# AutoML Regressor

This is a component that trains an AutoML Regressor model using [sklearn](https://github.com/automl/auto-sklearn). 
<br>
auto-sklearn is an automated machine learning toolkit and a drop-in replacement for a scikit-learn estimator.

This notebook shows:
- how to use SDK to load the dataset and save a model.
- how to receive parameters from the platform.

In [None]:
dataset = "boston" #@param {type:"string"}
target = "medv" #@param {type:"string"}
experiment_id = "6db0fff7-ba9d-4f64-8cbe-9a31bd8b3644" #@param {type:"string"}
duration = 60 #@param {type:"integer"}

## Load dataset

Import and put the whole dataset in a pandas.DataFrame.

In [None]:
from platiagro import load_dataset

df = load_dataset(name=dataset)
X = df.drop(target, axis=1).to_numpy()
y = df[target].to_numpy()

## Load metadata
In this context, metadata means information about the dataset.<br>
For example, below we get the feature type for each column in the dataset. (eg. categorical, numerical, or datetime)

In [None]:
from platiagro import load_metadata
from platiagro.featuretypes import infer_featuretypes

try:
    metadata = load_metadata(name=dataset)
    featuretypes = metadata["featuretypes"]
except KeyError:
    featuretypes = infer_featuretypes(df)

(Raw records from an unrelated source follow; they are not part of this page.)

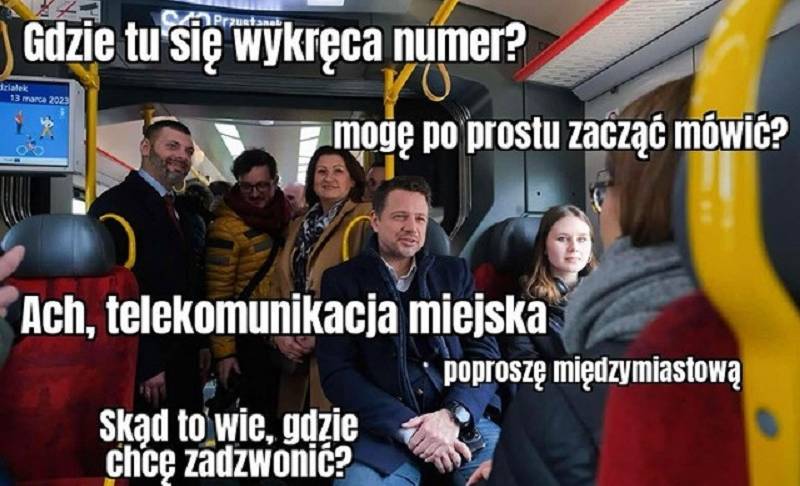 • „Jazda telekomunikacją”: Fotografia przedstawiająca Trzaskowskiego jadącego metrem odnosząca się do jego pomyłki językowej.
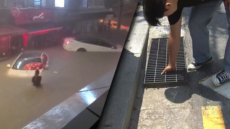 수십kg에 이르는 하수구 맨홀 뚜껑이 차오르는 빗물 압력에 날아가기도 했습니다.
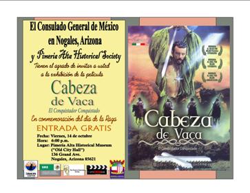 El 14 de octubre a las 6:00 p.m. se exhibió en las instalaciones de Pimería Alta Historical Museum (“Old City Hall”) la película “Cabeza de Vaca: el Conquistador Conquistado”.
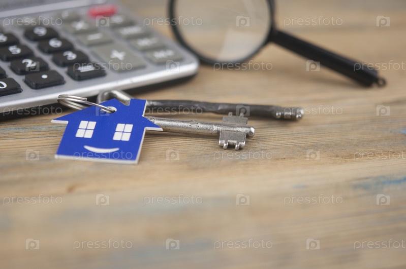 Оценка имущества. Миниатюрный дом с ключом, лупой и калькулятором. Концепция недвижимости
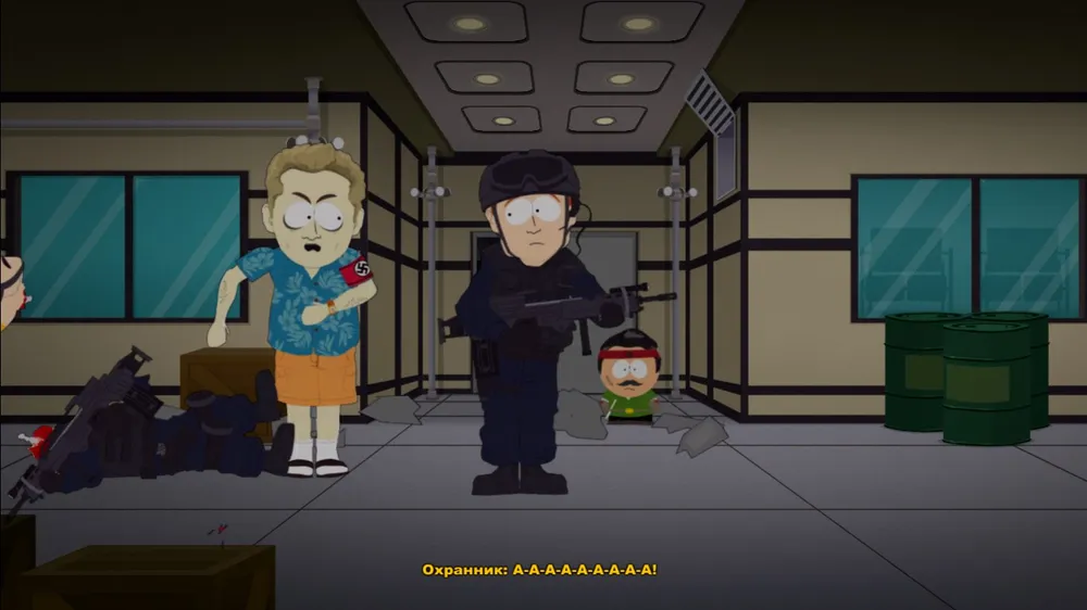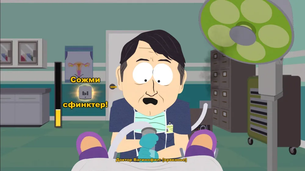 Повторите то же самое с гномами-нацистами. Идите дальше, сломайте провод, используйте пуки на огне, подымайтесь на верх. Вы попадете в операционную, где будет лежать переодетый в бабу Ренди. Делайте ему аборт, чтобы доказать агентам, что вы - настоящий доктор. Выходите из операционной. Проходите влево и стрельните в решетку над мышами.
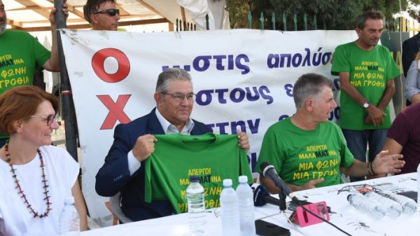 «Έχετε απόλυτο δίκιο, έχετε τη συμπαράσταση όλης της χώρας», τόνισε ο γραμματέας του ΚΚΕ.
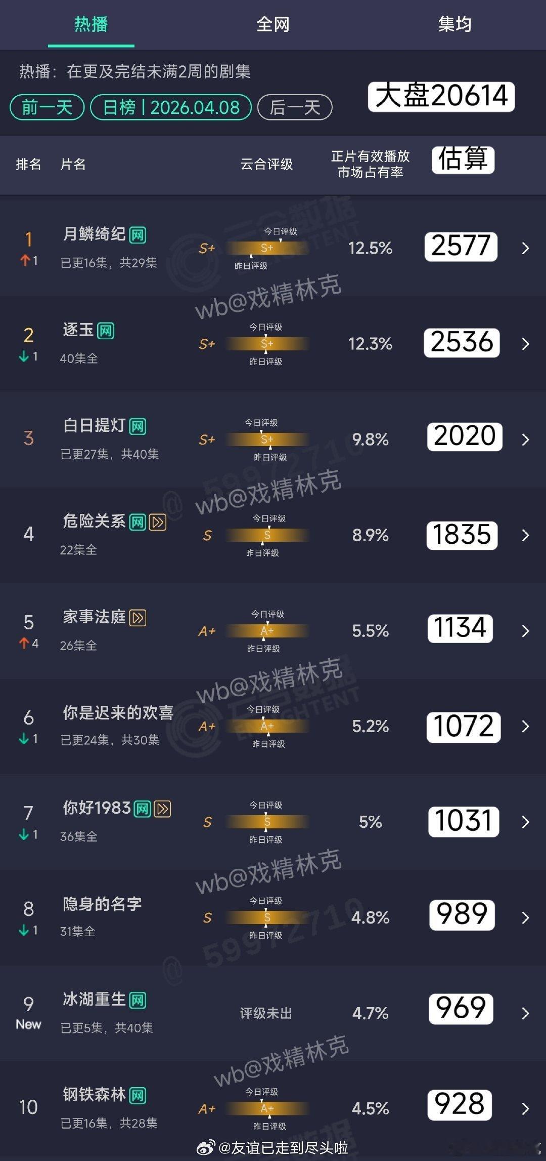 昨日电视剧热播期云合播放量排行榜《月鳞绮纪》顺利登顶,预估2577w《逐玉》第二,完结这么久还能12.3%,预估2536w《白日提灯 》9.8预估,2020w冰湖重生首日 预估969w+,中午开播,双平台固屏+专栏,这个成绩算扑开了
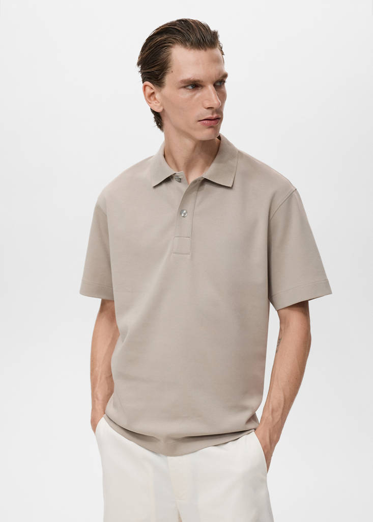 Cotton blend fabric. Relaxed fit. Polo-neck with button closure. Short sleeves. Straight hem. Promotional product

## Encode categorical features

Many machine learning algorithms cannot operate on categorical data directly. They require all input variables and output variables to be numeric.<br>
This means that categorical data must be converted to a numerical form.<br>
The features are converted to ordinal integers. This results in a single column of integers (0 to n_categories - 1) per feature.

In [None]:
from platiagro.featuretypes import CATEGORICAL
from sklearn.preprocessing import OrdinalEncoder

target_idx = df.columns.tolist().index(target)
# selects the categorical features
categorical_idxs = [idx for idx, ft in enumerate(featuretypes) if ft == CATEGORICAL and idx != target_idx]
feature_encoder = OrdinalEncoder()

if len(categorical_idxs) > 0:
    X[:, categorical_idxs] = feature_encoder.fit_transform(X[:, categorical_idxs])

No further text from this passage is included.